Lo anterior no se ve desvirtuado por el contenido de la Disposición Adicional Segunda número 1 párrafo segundo del mencionado RD. Esta Disposición Adicional nos dice: En cualquier caso, y a partir de la fecha de la integración, No podrá ser imputado con cargo a los recursos del sistema de la seguridad social ningún gasto que no se corresponda con las prestaciones reglamentarias del Régimen General de la Seguridad Social.
El precepto dispone la prohibición de la asunción de gastos por conceptos distintos a las prestaciones reglamentarias de la Seguridad Social resultando evidente que este concepto es el que ha sido asumido por el INSS que sucedió a la MUNPAL a efectos prestacionales en cuanto se refiere a una prestación de viudedad.
CUARTO.- En el segundo motivo de censura jurídica del recurso se invoca infracción de los artículos 41, 59 y 87 de la Orden de diciembre de 1975 por la que se revisan los estatutos de la mutualidad nacional de previsión y del artículo 15 de la Ley 46/1985 de 27 de diciembre de Presupuestos Generales del Estado para 1986.
El recurrente, invoca, en esencia, que el haber regulador de la pensión se ha de regir por las normas contenidas en la citada Orden y no por lo establecido en el artículo 27.1 de la Ley 50/1984 de 30 de diciembre de Presupuestos Generales del Estado para 1985 al aplicarse ésta a los funcionarios de Clases Pasivas, pero no a los Mutualistas de la Administración Local. Indica que el fallecido pertenecía al cuerpo de bomberos por lo que su equiparación salarial lo sería con el grupo de Fuerzas Armadas y Cuerpos de Seguridad del Estado.
El motivo así propuesto ha de ser desestimado. En la citada sentencia firme de fecha 19 de enero de 2023, rec 67/2022, nos pronunciamos en los siguientes términos:
"Los artículos 41, 59 y 87 de la Orden de 9 de diciembre de 1975 por la que se revisan los estatutos de la mutualidad nacional de previsión de la Administración Local expresan lo que a continuación se expone.
El artículo 41 de los mencionado Estatutos establece que "servirá de haber regulador, para la determinación de todas las prestaciones básicas y de sus mejoras, la suma del sueldo, trienios efectivos completados y pagas extraordinarias , o en su caso las cantidades que hubieran servido de base de cotización a la Mutualidad."

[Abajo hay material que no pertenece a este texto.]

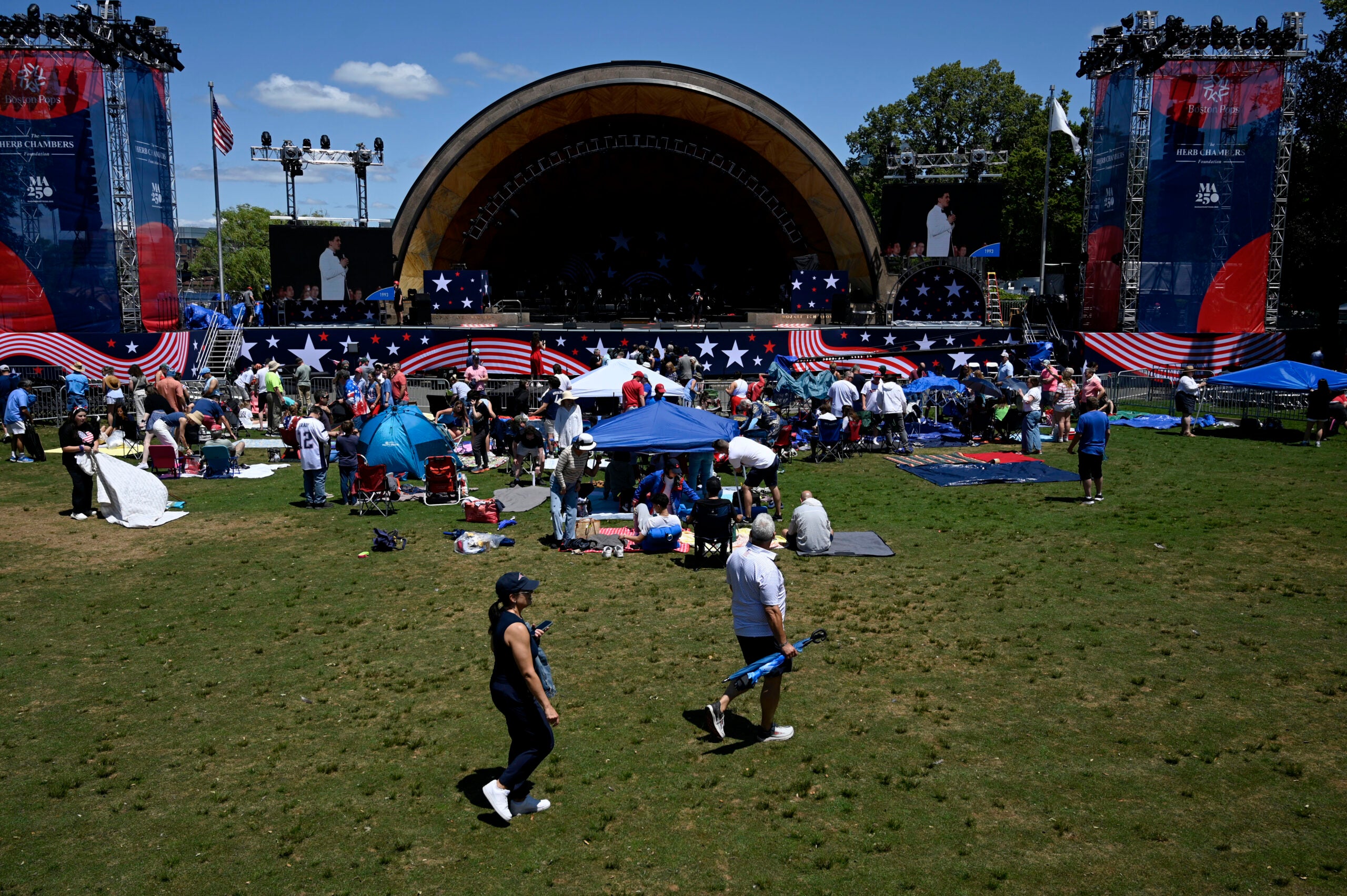 Boston, MA- 7/4/25- The gates opened at midday on the Hatch Shell on the Charles River, welcoming in hundreds of attendees to the Boston Pops Fireworks Spectacular on July Fourth. Attendees convey umbrellas and tents to supply shade as they watch for the live performance to start at 7pm adopted by fireworks. (Heather Diehl for the Boston Globe)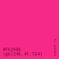 Цвет #F62986 в цветовой модели RGB обозначается тремя октетами (246, 41, 134) в десятичном формате и #F62986 в шестнадцатиричном (hex) формате, которые являются интенсивностью красного 246 (hex F6), интенсивность зелёного 41 (hex 29) и интенсивность синего 134 (hex 86).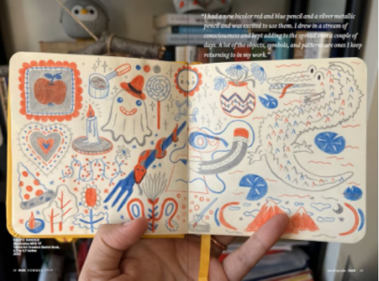 這本6x9英寸的校友雜志以"創意從何開始?"為主題,通過校友手稿、折疊插頁展現時裝學院的創意生態。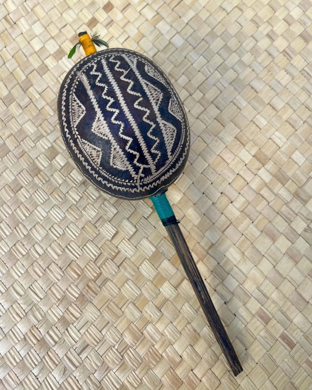 Este Maracá vem do povo Shipibo, do Peru – guardiões de saberes profundos e conexões com plantas de poder como a Ayahuasca. Ele é feito à mão com materiais naturais, oferecendo alto nível sonoro e durabilidade.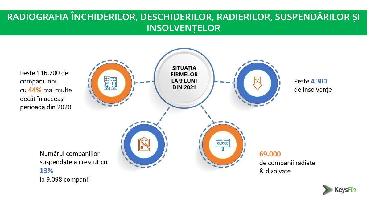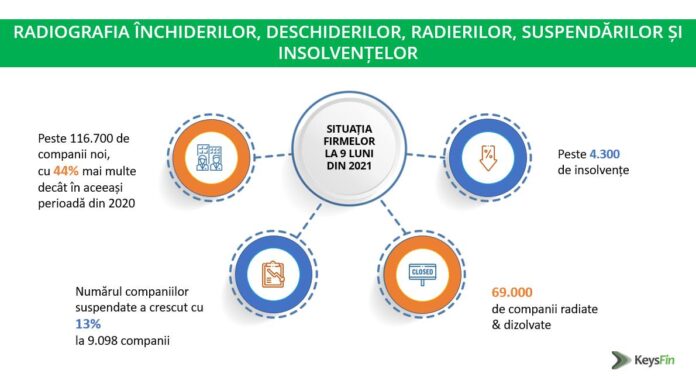 Bilanțul primelor 9 luni ale anului 2021 arată că numărul companiilor noi a crescut cu 44%, dar totodată s-au înregistrat mai multe insolvențe, suspendări, radieri și dizolvări comparativ cu aceeași perioadă a anului 2020, potrivit analiștilor Keysfin.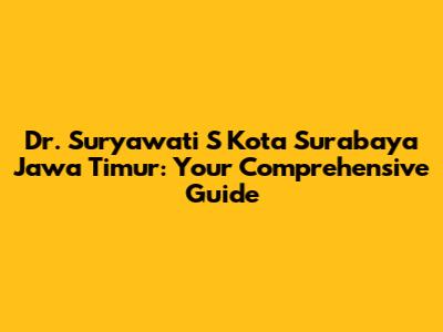 Hey everyone! Are you looking for top-notch medical care in Surabaya, East Java? Well, you're in the right place! Today, we're diving deep into the world of Dr. Suryawati S, a prominent figure in the Surabaya healthcare scene. We'll explore her expertise, location, and everything you need to know to make an informed decision about your health. So, grab a coffee (or your favorite beverage), and let's get started! Surabaya, a vibrant city in East Java, is known for its bustling streets, delicious cuisine, and, of course, its healthcare services. Navigating the healthcare system can sometimes feel overwhelming, but worry not, because this article will act as your friendly guide. We'll break down the essentials, ensuring you have all the information you need. Our main focus will be on Dr. Suryawati S, a healthcare professional who has made a significant impact in the community. We'll uncover her specialization, the services she offers, and how to reach her. This guide is designed for anyone seeking medical assistance in Surabaya, whether you're a local resident or a visitor. We'll try our best to keep things simple, easy to understand, and also fun. So, let's explore Dr. Suryawati S and the healthcare landscape of Surabaya together!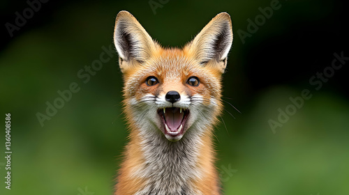 © Alfida, Fototapeta premium Playful red fox kit with mouth open, facing camera against blurred green background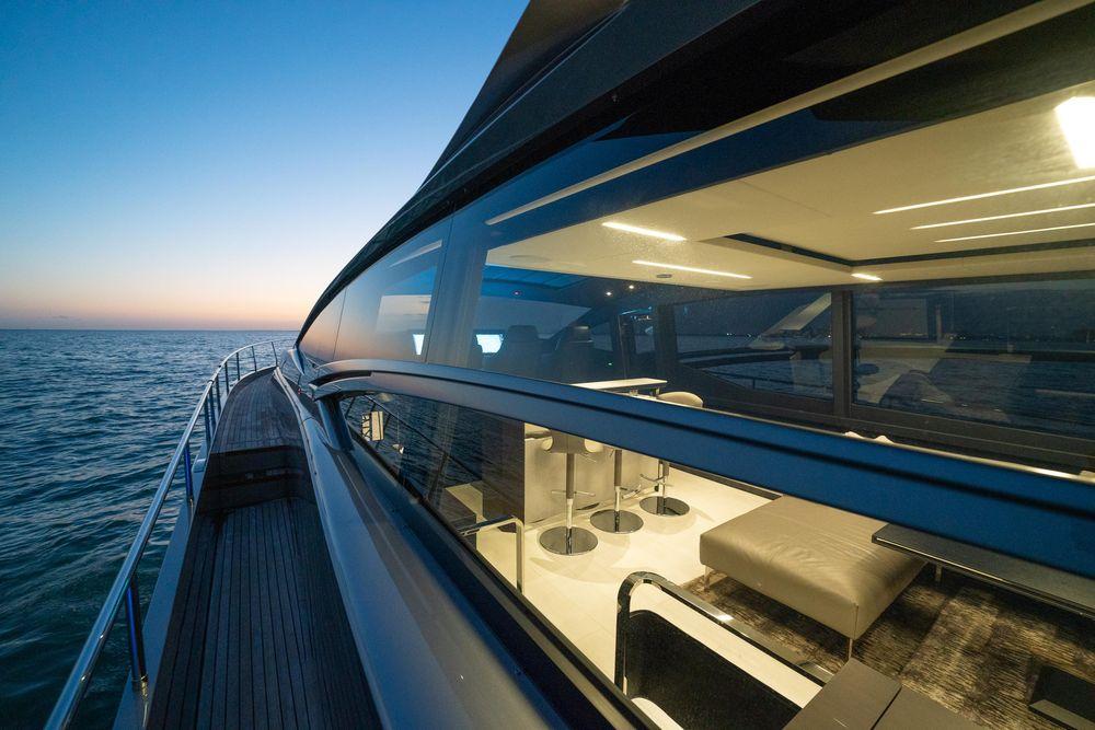 The carbon fibre revolution. The umpteenth leap forward in Pershing style, each and every component designed to amaze, starting with the construction material. Lightweight, fast, hyper-performing, with the most spacious, welcoming spaces and a new propulsion system, the Pershing 8X is the dream and masterpiece of the “X Generation”.

El artículo 59.1 de la misma, en la redacción realizada por la Orden de 23 de febrero de 1982, disponía que:
Los asegurados, cualquiera que sea el tiempo de servicios prestados, que se inutilicen o fallezcan en acto de servicio, o como consecuencia de él, sea por accidente o por riesgo específico del cargo, causarán, en los supuestos de jubilación, viudedad y en favor de los padres, una pensión extraordinaria equivalente al 200 por 100 del haber regulador determinado en el artículo 41 de estos Estatutos.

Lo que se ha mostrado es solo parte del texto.